Free license holders are not counted and do not help us get any of that money from P-R so if everyone who had a free one paid instead it would make a huge difference in the amount of funds that are returned to the state.

Another thing.  PAID Lifetime licenses keep providing those funds even after the holder may be dead and buried since they are calculated on a formula and there is no one checking obits to see who has died.  Youth lifetime licenses count too so the state may get funds for up to 16 years before the child would even be required to purchase a license anyway.  

Heck of a deal for everyone involved when you think about it...buy your kid a license at a discount price before they are 2 and help fund the DNR even more along the way!

If I have any of this wrong I hope Charlie will set us straight on it.


----------



## Dutch

I am a combat veteran, I  would not take advantage of a free lifetime license. 

I make good money and do not mind paying for my licenses.

The only veteran related "free benefit" I have taken advantage of is getting my Georgia D/L free.


----------



## swamp hunter

I'm a Vet as well.
For every Combat Vet there are 3 Support Personnel, from the Cook to the Laundry guy to the guy sitting in Nevada watching the world from a computer screen.
I say If you drew Combat Pay your good...otherwise ,NO.
Not everybody that wears the Uniform are Hero's..


----------



## 175rltw

Hah. Vets rate well below blacks gays and transgenders on the special interest totem- and nothing will change that.  The bottom line is that there won't be enough money left for special bathrooms, tax incentives for same sex marriage, EBT, welfare, free cellphones for drug dealers, etc etc etc if veterans dont stop glutting themselves at the trough of the public coffers.

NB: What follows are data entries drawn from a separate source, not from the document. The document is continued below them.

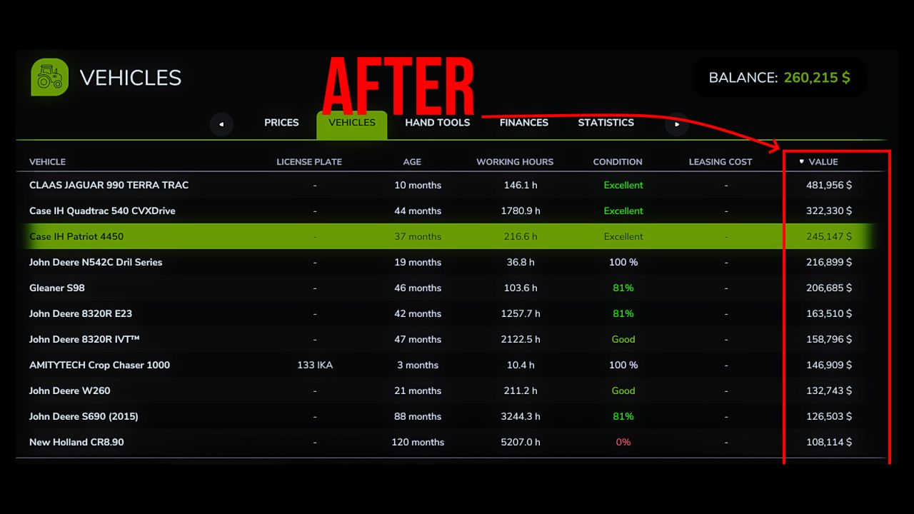 Ten mod dostosowuje koszty ponownego lakierowania do rzeczywistych kosztów profesjonalnego lakierowania. Prawdziwe, profesjonalne, pełne ponowne lakierowanie dużego ciągnika kosztuje 5000-8000 USD – około 2-3% ceny zakupu. Amortyzacja żelaza ogranicza koszty ponownego lakierowania do 4% ceny pojazdu przy maksymalnym zużyciu, skalując je liniowo wraz ze stanem lakieru. Mocno zużyty ciągnik o wartości 300 000 USD kosztuje w tym systemie około 12 000 USD.
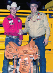2017 JR NFR Steer Wrestling Champion Bridger Anderson with Ote Berry – Rob Pierce
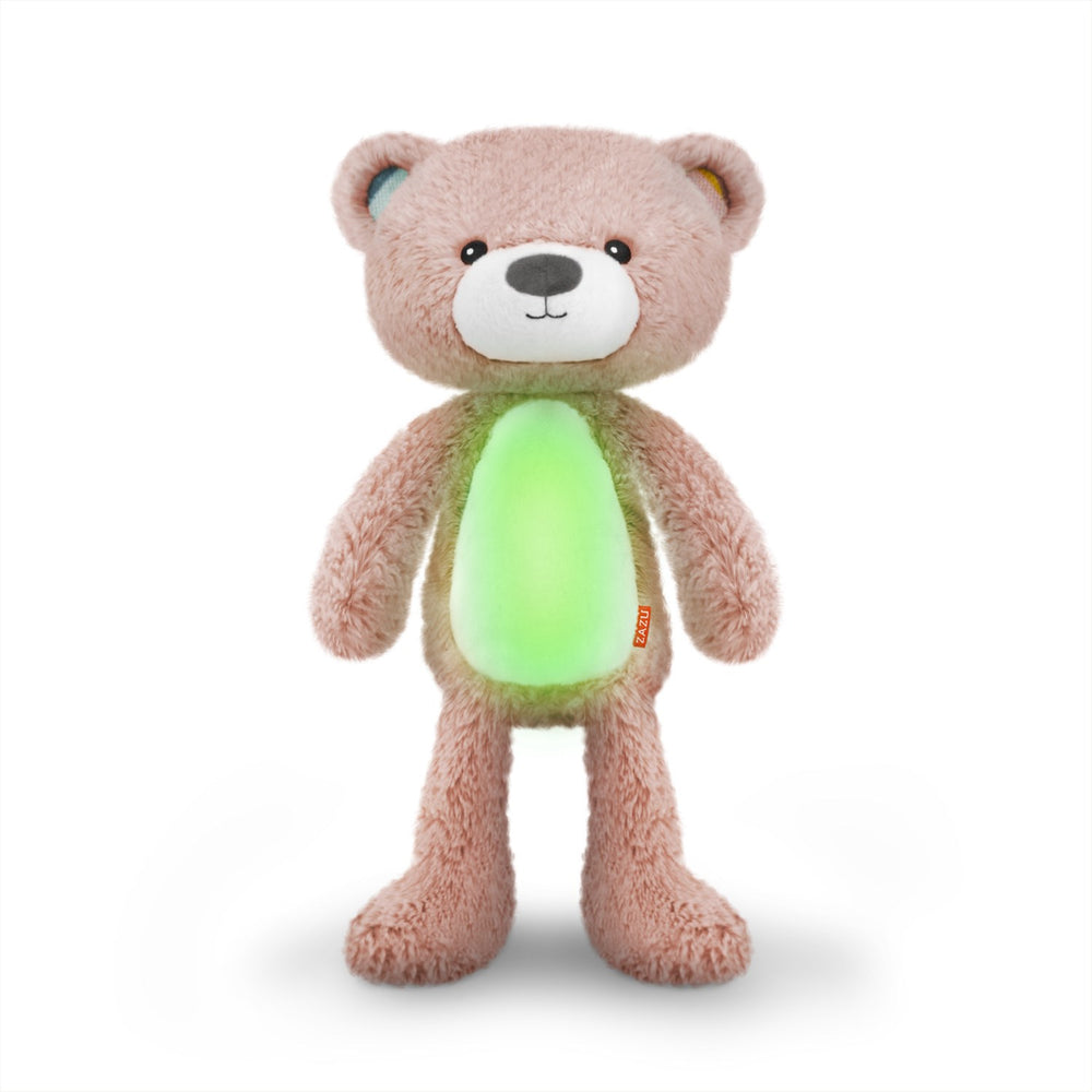 Brody Bjørnen fra Zazu er mere end blot en natlampe; den er en integreret søvntræner og spilledåse designet til at støtte både dit barns og din egen søvnrytme. Med evnen til at lære dit barn forskellen på dag og nat, tilbyder Brody et beroligende rødt lys og afspiller blide vuggeviser eller naturlyde, som hjælper med at falde til ro. Funktionen som søvntræner bruger farvesignaler i Brodys mave til at guide barnet: rødt for nat, orange som en advarsel om snarlig morgen og grønt for at det er tid til at stå op. Disse klare signaler giver dit barn en følelse af tryghed og lærer selvstændighed omkring sengetider. Brody er lavet i blødt materiale med aftageligt lyd- og lysmodul, så den også er nem at vaske. Perfekt til forældre, der ønsker at styrke nattesøvnen og give barnet en tryg og kærlig ven i mørket.
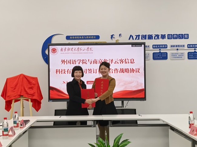 为深化产教融合,强化校企协同育人实效,搭建高质量实践教学与人才培养平台,4月16日下午,外国语学院与南京象泽云客信息科技有限公司校企合作战略协议签署暨就业实习基地授牌仪式在智圆楼B区329会议室顺利举行。南京象泽云客信息科技有限公司总经理吴丽萍、人事专员丁琳,学院党委副书记高永东,外国语学院院长肖辉,学工负责人何玉凤,团总支书记赵悌芳,教学秘书卞静参加。

Really tired of veterans always begging for all the regular normal people to pick up there slack. Pay your 50$ like everyone else.  You already got free college on the taxpayer nickel.


----------



## northgeorgiasportsman

175rltw said:


> Really tired of veterans always begging for all the regular normal people to pick up there slack. Pay your 50$ like everyone else.  You already got free college on the taxpayer nickel.




How many vets have you EVER heard "begging" for someone to pick up their "slack?"  I think you're out of line with this comment.


----------



## Dutch

175rltw said:


> Really tired of veterans always begging for all the regular normal people to pick up there slack. Pay your 50$ like everyone else.  You already got free college on the taxpayer nickel.



Really, "free" college money on the taxpayers dime huh? 

I had to pay $1200 into the GI Bill to get that "free" college money. Maybe I missed the "free" clause in my enlistment contract.

Not to mention putting my life at risk to being able to eventually be able to collect that "free" money.


Btw: I bet it would really grinds your gears to know that I get my D/L free from the state.


----------



## Beartrkkr

Agreed that free licenses do not return PR funds back to the state.  If they want to cut veterans a break, they could reduce the cost of a lifetime license and still receive PR funds since it would be a sold hunting license.

SC stopped their free licenses for people 65 and older.  Now they offer a Senior Lifetime license for $9 (or something like that) when you turn 65 so they could still receive a share of the PR funds.


----------



## RPolk

It is a wonderful thing to live in a country where we can disagree without coming to blows.

Live most veterans I served because I felt it was something I wanted to do. I promised my parents I would only stay in as long as I was still learning and enjoying what I was doing. Twenty two years later I retired....still learning things, but promoted myself out of the fun jobs!

I don't agree with the free Lifetime License. I bought mine in 2006 after my last deployment.

I didn't serve to be served. Not looking for a free dinner, discounts, or special license plates.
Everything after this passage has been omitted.